Charles Earle Miller, the son of a successful Indianapolis piano maker, grew up as a privately tutored lad who spoke multiple languages (including Esperanto), and would delight in English wordplay throughout his life, including as a part of his eventual on-stage persona. As a young boy he became obsessed with magic, and although educated and trained as a watchmaker (providing fine mechanical skills that would serve him throughout his path in magic), magic would be the guiding thread of his unusual life.

Of the countless magicians connected with Dai Vernon’s long life in magic, perhaps no single name is more strongly associated than that of Charlie Miller.

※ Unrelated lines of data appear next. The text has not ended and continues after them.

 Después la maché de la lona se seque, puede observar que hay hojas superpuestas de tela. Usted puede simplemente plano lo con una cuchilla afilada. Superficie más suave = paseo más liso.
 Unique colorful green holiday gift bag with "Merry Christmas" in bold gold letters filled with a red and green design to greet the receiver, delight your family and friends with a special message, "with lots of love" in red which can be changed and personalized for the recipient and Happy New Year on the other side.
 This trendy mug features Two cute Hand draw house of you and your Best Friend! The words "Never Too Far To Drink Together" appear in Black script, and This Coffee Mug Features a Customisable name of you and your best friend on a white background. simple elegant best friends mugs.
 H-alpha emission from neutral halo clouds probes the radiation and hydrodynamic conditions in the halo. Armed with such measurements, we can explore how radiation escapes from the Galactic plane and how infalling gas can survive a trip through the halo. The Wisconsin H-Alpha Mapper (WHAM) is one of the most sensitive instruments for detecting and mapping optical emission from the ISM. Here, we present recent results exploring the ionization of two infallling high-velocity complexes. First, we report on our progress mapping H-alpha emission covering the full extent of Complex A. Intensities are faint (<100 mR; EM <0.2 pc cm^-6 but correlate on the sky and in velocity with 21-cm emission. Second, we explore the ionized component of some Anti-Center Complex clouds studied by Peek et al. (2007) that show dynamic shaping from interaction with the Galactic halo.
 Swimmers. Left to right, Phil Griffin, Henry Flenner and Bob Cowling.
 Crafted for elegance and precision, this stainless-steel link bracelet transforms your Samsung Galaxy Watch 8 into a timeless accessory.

Their first introduction came through Vernon’s friend, Faucett Ross, to whom the young Miller wrote letters about Vernon’s work. Miller closely followed descriptions and reports of Vernon’s material in New York City magic dealer Max Holden’s column in the renowned magic journal, The Sphinx. Holden’s shop was a meeting place for elite of New York magic, and Holden would frequently describe Vernon’s amazing feats, absent any description of method. But the obsessive and brilliant young Miller studied the work, trying to solve the mysteries of Vernon’s magic. When Vernon met Ross in his Midwest home in 1932, Ross shared the correspondence, and the surprised Vernon would promptly write to Sam Horowitz, an expert colleague, that Miller had indeed accurately reconstructed Vernon’s work. And when Vernon and Miller would finally meet soon thereafter, Vernon would describe Miller as one of the two best card handlers Vernon had ever encountered. Although the two masters were a generation apart in age—a fact that magicians today often overlook—thus began a friendship and association that would last through Miller and Vernon’s lifetimes. Charlie Miller, albeit less renowned that Vernon, would eventually become a remarkable magical maestro in his own right.[i]

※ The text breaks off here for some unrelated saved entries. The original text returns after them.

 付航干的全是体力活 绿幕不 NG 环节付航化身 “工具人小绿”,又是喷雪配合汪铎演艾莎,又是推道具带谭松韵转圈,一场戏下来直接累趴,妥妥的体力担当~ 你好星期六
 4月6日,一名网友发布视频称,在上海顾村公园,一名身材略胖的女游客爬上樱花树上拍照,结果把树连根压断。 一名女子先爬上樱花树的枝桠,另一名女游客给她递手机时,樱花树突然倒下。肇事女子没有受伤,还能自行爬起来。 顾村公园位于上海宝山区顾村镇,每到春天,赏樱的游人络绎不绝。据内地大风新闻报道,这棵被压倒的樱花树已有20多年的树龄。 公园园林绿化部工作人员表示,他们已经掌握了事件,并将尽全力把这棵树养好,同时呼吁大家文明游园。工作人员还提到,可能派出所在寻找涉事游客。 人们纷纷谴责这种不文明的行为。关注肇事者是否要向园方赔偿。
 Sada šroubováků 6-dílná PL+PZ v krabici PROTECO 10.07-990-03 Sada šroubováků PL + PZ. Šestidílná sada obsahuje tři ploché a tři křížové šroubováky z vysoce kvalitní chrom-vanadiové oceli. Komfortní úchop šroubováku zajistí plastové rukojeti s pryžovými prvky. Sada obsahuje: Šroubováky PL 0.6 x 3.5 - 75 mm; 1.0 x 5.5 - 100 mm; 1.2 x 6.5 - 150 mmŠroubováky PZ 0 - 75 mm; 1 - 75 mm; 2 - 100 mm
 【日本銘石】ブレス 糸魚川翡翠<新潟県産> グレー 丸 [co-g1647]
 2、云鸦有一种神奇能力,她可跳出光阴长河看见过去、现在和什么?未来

Vernon took Miller under his wing, and Miller came to share Vernon’s fascination with the techniques of professional card cheats. The two famously traveled together for a portion of Vernon’s pursuit of the Center Deal, an allegedly mythical cheating sleight that Vernon eventually succeeded in tracking down, along with its originator, Allen Kennedy (as recounted in The Magician and the Cardsharp, a fabulous read for the general public by journalist Karl Johnson). Miller would also come to share Vernon’s passion for his favorite and influential book (mentioned in Take Two #52), The Expert at the Card Table by S.W. Erdnase, and Miller would eventually be renowned among his circle for being able to execute literally every sleight in Erdnase to perfection, no matter how esoteric or challenging.

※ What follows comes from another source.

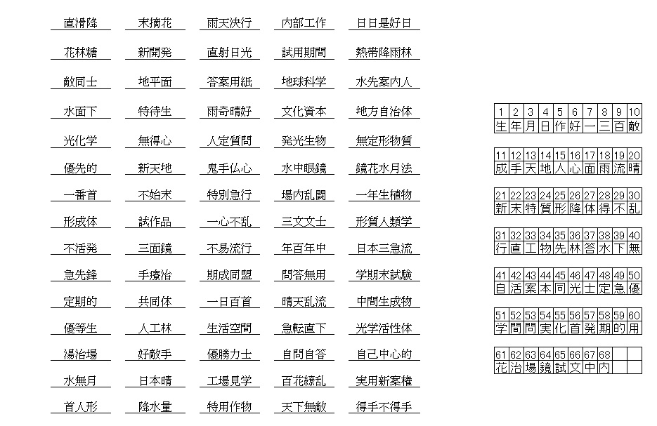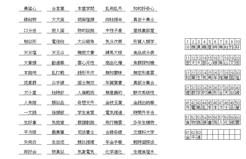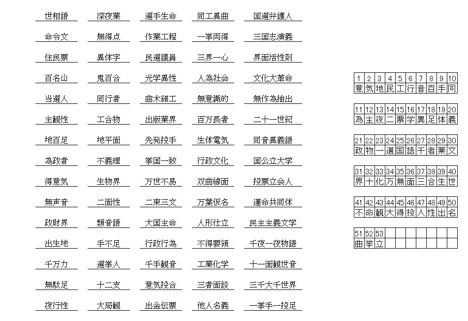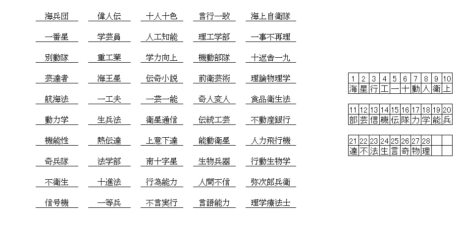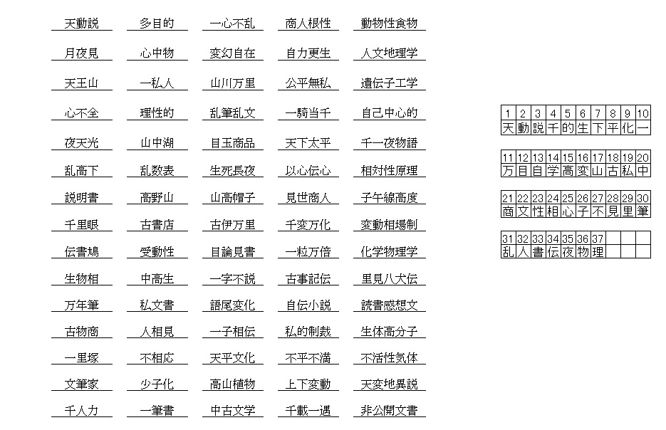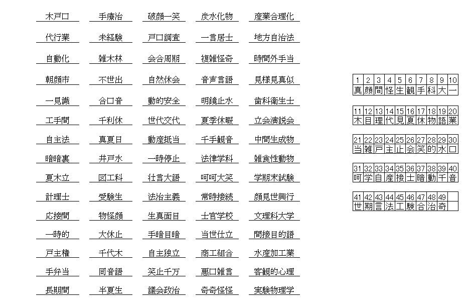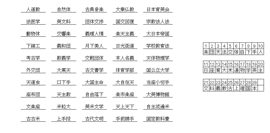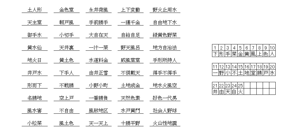 漢字抜け熟語解答
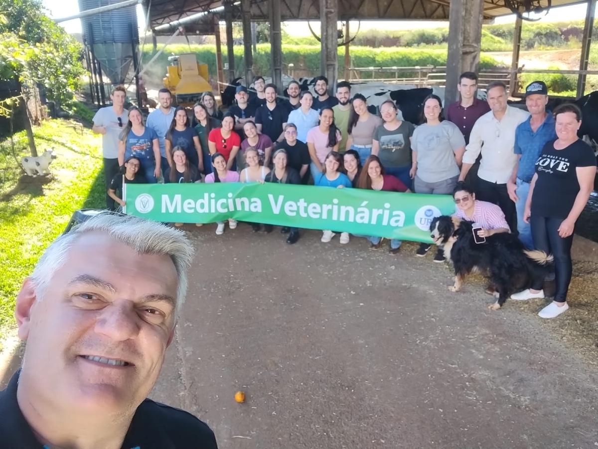 No período da tarde, os acadêmicos visitaram a propriedade da família Schmalz, que possui 72 vacas em lactação em sistema confinado tipo compost barn, com produção média de 37 litros de leite por vaca/dia. A ordenha robotizada implantada há cerca de três anos e meio é monitorada pelo médico-veterinário Rodrigo Schmalz, responsável pelo manejo e assistência técnica da propriedade. Esta foi também a mesma propriedade visitada pela primeira turma de Medicina Veterinária, em parceria com a empresa Imacol, responsável pelo equipamento de ordenha robótica.

Vernon had sometimes associated with the underworld of the card cheat, and at a later period Miller himself would become deeply expert and knowledgeable in the hustler’s world, at times even being sought out for private lessons in the kind of real-world gambler’s sleight-of-hand at which he excelled. As Johnny Thompson has commented, “A lot of [Miller’s] card work came out of the gambling world. In fact, some of the material that’s around from the gambling world was introduced to magic by Charlie Miller.” Some of those items[ii] would appear in Expert Card Technique by Jean Hugard and Frederick Braue, one of the most important and influential books of card conjuring of the 20th century.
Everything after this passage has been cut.